Domestic money inflows - Small Korean investors have begun to sell foreign ETFs to a greater extent, especially those tied to US equities, and in turn have been pouring funds into domestic funds and ETFs focused on the Korean market. This supports the demand for stocks in the KOSPI index.
Goldman $GS notes that despite recent sell-offs in technology and automotive titles, foreign investor interest in the Korean market remains strong. According to JPMorgan $JPM, Korea was "the hottest market in the world" before the recent geopolitical tensions over Iran, and the recent rise in the KOSPI suggests that sentiment has recovered and the index is once again approaching all-time highs.
AI, chips and defence: the engine of Korean growth
A major theme in the Korean market is the "AI supercycle" in semiconductors, according to Goldman and other banks. South Korean firms such as Samsung Electronics $SSNLF and SK Hynix are among the world's largest producers of memory and data centre chips, which are essential for running large-scale AI models.
It is the growth in demand for AI accelerators and HBM-type memories that has pushed SK Hynix shares up hundreds of percent in the past year and contributed significantly to the overall index's rise. In addition to semiconductors, the Korean market is also benefiting from a boom in the defence industry, with orders for ammunition, tanks, artillery and air defence systems from Europe and other regions boosting sales at Korean arms companies.
Goldman rates the KOSPI as a market with "higher growth sensitivity" - that is, higher volatility, but also with more potential if the favorable environment for chips, AI and the defense industry continues. Compared to US indices, where many large tech firms are already trading at very high earnings multiples, the Korean market offers a more interesting combination of growth and valuation, according to the bank.
Korean stocks and ETFs available on the NYSE and Nasdaq
If you want to make a bet on Korea through the U.S. exchanges, there are a few avenues. Below are a few examples that can be commonly purchased through brokers with access to the NYSE or Nasdaq:
ETFs and funds on the Korean market
iShares MSCI South Korea ETF (EWY, NYSE) - The best-known ETF focused on the South Korean market, it tracks the MSCI Korea index, which is heavily weighted toward large companies like Samsung and Hyundai.
iShares MSCI Korea UCITS (often ticker EWK or similar, depending on the exchange) - European version, but some versions trade in New York; suitable for broader exposure to the Korean market.
Individual South Korean companies traded in the US
Korea Electric Power Corporation (KEP, NYSE) - Korea's largest power utility, traded directly in New York via ADR.
For the other big names (Samsung Electronics, SK Hynix, Hyundai Motor), while the main liquidity is on the Korean exchange KRX, their exposure is usually gained through the aforementioned ETFs, which have them among their core positions.

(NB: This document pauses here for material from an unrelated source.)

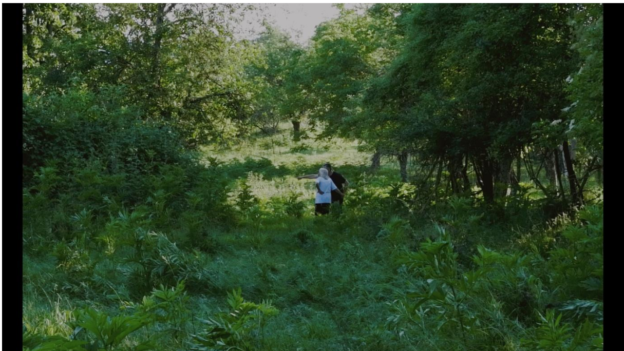
Slika 4, Entropija, 2021.

„Plan u kojemu se vidi cijeli prostor u kojemu se radnja zbiva, bez obzira na njegovu veličinu. Svejedno je da li se radi o totalu Biokova ili totalu telefonske kabine. Knjiga snimanja će ionako precizno označiti o kakvom je totalu riječ. Ukoliko u kadru ima osoba, ova naznaka ništa eksplicitno ne govori o njima, jer je jasno, da će u totalu Biokova osobe biti jedva zamjetljive, dok će u totalu telefonske kabine biti relativno krupne u kadru. To je dakle plan čiju veličinu ne određuju osobe u njemu, već prostor u kojemu se nalaze.“ ( Tanhofers, 1981:179 )

So for an investor who doesn't want to deal with local currency, time zone or direct access to the KRX, one of the big Korea ETFs is the easiest route. This effectively gives you a ride on what Goldman and other houses are describing - KOSPI growth driven by chips, defense and domestic capital inflows.

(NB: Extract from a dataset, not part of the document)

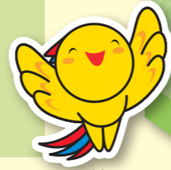
兵庫県マスコット はばタン

What does this imply for the portfolio
Goldman Sachs and JPMorgan agree that the South Korean market has all the ingredients to beat the major US indices on a relative basis at this stage of the cycle: strong exposure to AI and semiconductors, support from the government and domestic investors, and still relatively lower valuations than the US. At the same time, it is a market with higher volatility and sensitivity to global geopolitics, making it more suited as a dynamic portfolio component than as a "safe haven."